Any PHP file in the uploads/ directory is suspicious. WordPress uploads go into wp-content/uploads/ organized by year and month. Legitimate uploads are images, PDFs, and other media files. A .php file in an uploads directory is almost certainly a webshell placed there through a file upload vulnerability -- exactly what we covered in episode 20.

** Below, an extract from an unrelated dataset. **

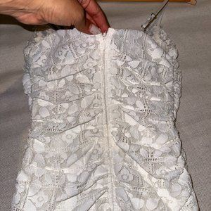 * Lace fabric with ruching throughout

Building a WordPress Security Auditor

Let's put together a comprehensive audit tool that combines the enumeration techniques we've covered:

#!/usr/bin/env python3
"""
wp_auditor.py -- WordPress security audit tool.
Combines version detection, user enumeration, plugin discovery,
XML-RPC testing, and security header checks.
"""
import requests
import re
import sys
import json

def detect_version(base_url):
    """Detect WordPress version from multiple sources."""
    versions = []

    # Meta generator tag
    try:
        resp = requests.get(base_url, timeout=10)
        match = re.search(r'content="WordPress\s+([\d.]+)"', resp.text)
        if match:
            versions.append(('meta_generator', match.group(1)))
    except:
        pass

    # RSS feed generator
    try:
        resp = requests.get(f"{base_url}/feed/", timeout=10)
        match = re.search(r'wordpress\.org/\?v=([\d.]+)', resp.text)
        if match:
            versions.append(('rss_feed', match.group(1)))
    except:
        pass

    # readme.html (often left on server)
    try:
        resp = requests.get(f"{base_url}/readme.html", timeout=10)
        if resp.status_code == 200:
            match = re.search(r'Version\s+([\d.]+)', resp.text)
            if match:
                versions.append(('readme_html', match.group(1)))
    except:
        pass

    return versions

def enumerate_users(base_url):
    """Enumerate WordPress users via REST API and author archives."""
    users = []

    # REST API (WordPress 4.7+)
    try:
        resp = requests.get(f"{base_url}/wp-json/wp/v2/users",
            timeout=10, headers={"User-Agent": "Mozilla/5.0"})
        if resp.status_code == 200:
            for user in resp.json():
                users.append({
                    'id': user.get('id'),
                    'name': user.get('name'),
                    'slug': user.get('slug'),
                    'source': 'rest_api'
                })
    except:
        pass

    # Author archive enumeration (fallback)
    if not users:
        for uid in range(1, 21):
            try:
                resp = requests.get(f"{base_url}/?author={uid}",
                    allow_redirects=False, timeout=5)
                if resp.status_code in [301, 302]:
                    location = resp.headers.get('Location', '')
                    match = re.search(r'/author/([^/]+)', location)
                    if match:
                        users.append({
                            'id': uid,
                            'slug': match.group(1),
                            'source': 'author_archive'
                        })
            except:
                pass

    return users

def check_xmlrpc(base_url):
    """Test if XML-RPC is enabled and supports multicall."""
    findings = []

    try:
        # Check if xmlrpc.php responds
        resp = requests.post(f"{base_url}/xmlrpc.php",
            data='<?xml version="1.0"?><methodCall>'
                 '<methodName>system.listMethods</methodName></methodCall>',
            headers={"Content-Type": "text/xml"}, timeout=10)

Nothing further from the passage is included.